Нацистский режим до конца войны пользовался поддержкой населения, которую нельзя объяснить только манипуляциями пропаганды или действием репрессивного аппарата власти полицейского государства. Нельзя не признать, что нацистам удалось утвердиться в чувствах и мыслях самых широких слоев немецкого народа, – не исключая и рабочий класс, обладавший мощной традицией классовой солидарности и строгой партийной организацией, – и интегрировать их в свое государство. Нацистское государство и его социальная политика на самом деле смогли осуществить своего рода «социальную революцию», означавшую значительный разрыв с традицией и весьма существенный прорыв в современность. Масштабы изменений в стране были сравнимы с большевистскими; разница была только в словах: в Советской России говорили о бесклассовом обществе, нацисты – о «народной общности». Тот, кто, подобно правоверным марксистам, считает определяющей чертой социализма обобществление средств производства, будет отрицать гитлеровский «социализм», но развитие современного общества отчетливо указывает на то, что со временем все больше растет значение социализации человека. Себастьян Хаффнер был прав: образ мысли и работа человека и при капитализме и при социализме в принципе одинаковы; труд на заводе или фабрике во всех случаях подлежит процессу отчуждения, принадлежит ли конвейер капиталистической корпорации или государству. Зато огромное значение имеет то, что ждет человека после работы: одиночество и чувство заброшенности или коллектив и общность, то есть гораздо важнее, чем отчуждение человека трудом, является отчуждение человека другим человеком. «Более того, – писал Хаффнер, – если целью социализма является ликвидация отчуждения человека, то социализация людей при Гитлере достигла более значительных результатов, чем социализация средствами, которые использовали большевики»{842}. Большевики лишь формально устранили неравенство, сделали всех равными в нищете; эффективность общественного воспроизводства при большевиках очень упала; они доказали лишь то, что легко уничтожить богатство, но трудно уничтожить нищету, – как в свое время остроумно заметил поэт Давид Самойлов.

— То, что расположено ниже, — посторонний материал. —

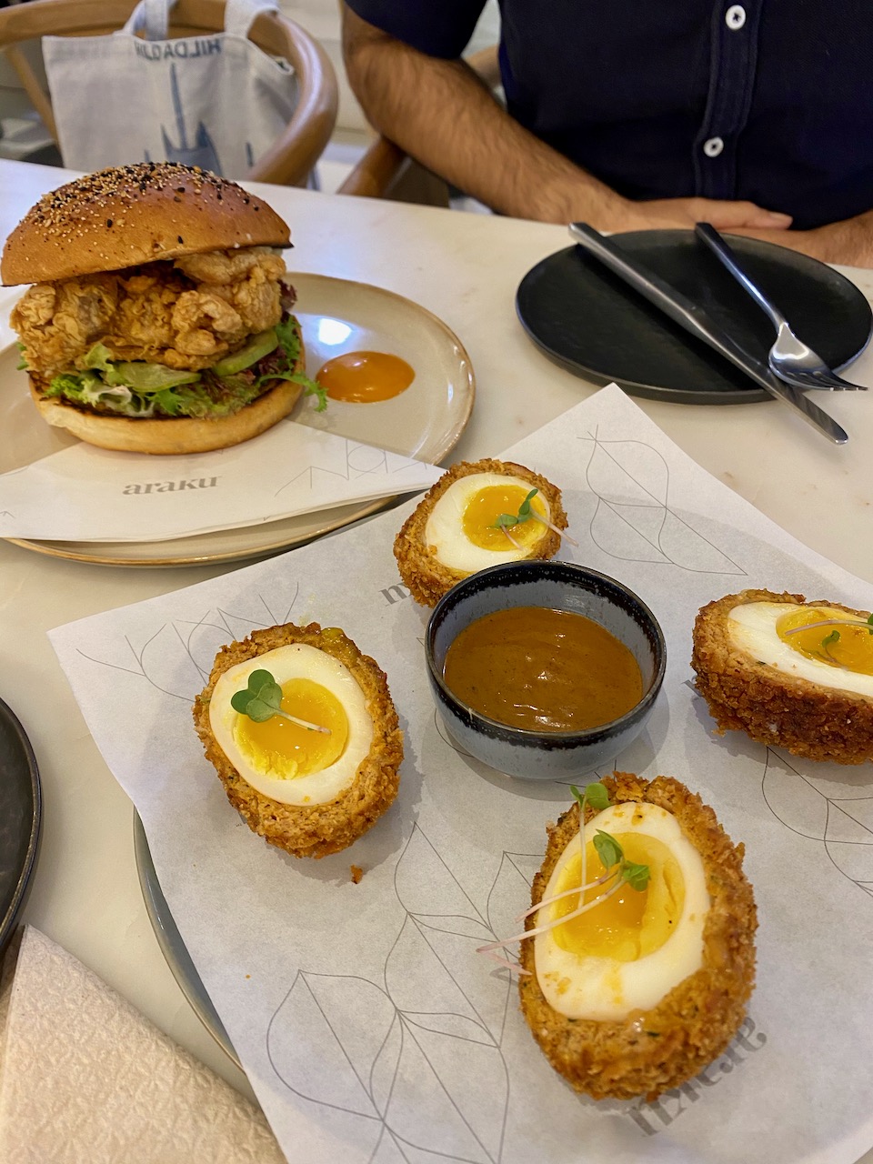 フライドチキンバーガー(メニュー上はサンドイッチとされている)は、「KFCのジンガーバーガーを高級かつヘルシーにした感じ」の味わい。ジャンクフード的な料理を健康的に味わえるところが魅力だ。スコッチエッグもまた、程よい旨味と卵のおいしさ。

Французский публицист фашистского толка Дрие ла Рошель предложил весьма необычную концепцию истории, согласно которой главным капиталом общества являются не деньги и товары, не демократия и ее институты, не идеи и техника, не классы и их идеологии, не армия и оружие, а люди. Если люди деградируют, если их сердца и души становятся равнодушными, не способными к жертвенному подвигу и состраданию, если их тела размягчаются и утрачивают способность контроля и меры, то никакие «общественные законы» и «права человека» не сделают государство крепким и справедливым{843}.

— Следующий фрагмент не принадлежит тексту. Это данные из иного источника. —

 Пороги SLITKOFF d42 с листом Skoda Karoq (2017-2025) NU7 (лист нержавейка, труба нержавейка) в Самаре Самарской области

В процессе создания новой национальной общности и в стремлении создать максимально благоприятные условия для ее развития нацисты использовали все мыслимые средства и делали это с необыкновенной энергией и изобретательностью. При этом кажется парадоксальным, что для преодоления буржуазного общества и его социальной природы нацисты использовали средства из арсенала того же буржуазного общества, так как в индустриальную эпоху других средств в обществе просто не было. Иначе говоря, нацисты склонялись к использованию современной технологии не по доброй воле, не потому, что усматривали в ней какую то ценность, – они вынуждены были ее использовать{844}. Получается, что всякое изменение к лучшему в обществе ведет к модернизации. Хотя многие историки продолжают считать Гитлера реакционным политиком из-за его антисемитизма, политики в женском вопросе, из-за его отношения к политическим свободам и идеям Просвещения, но на практике политика Гитлера способствовала модернизации, а сам он не переставал себя называть революционером{845}.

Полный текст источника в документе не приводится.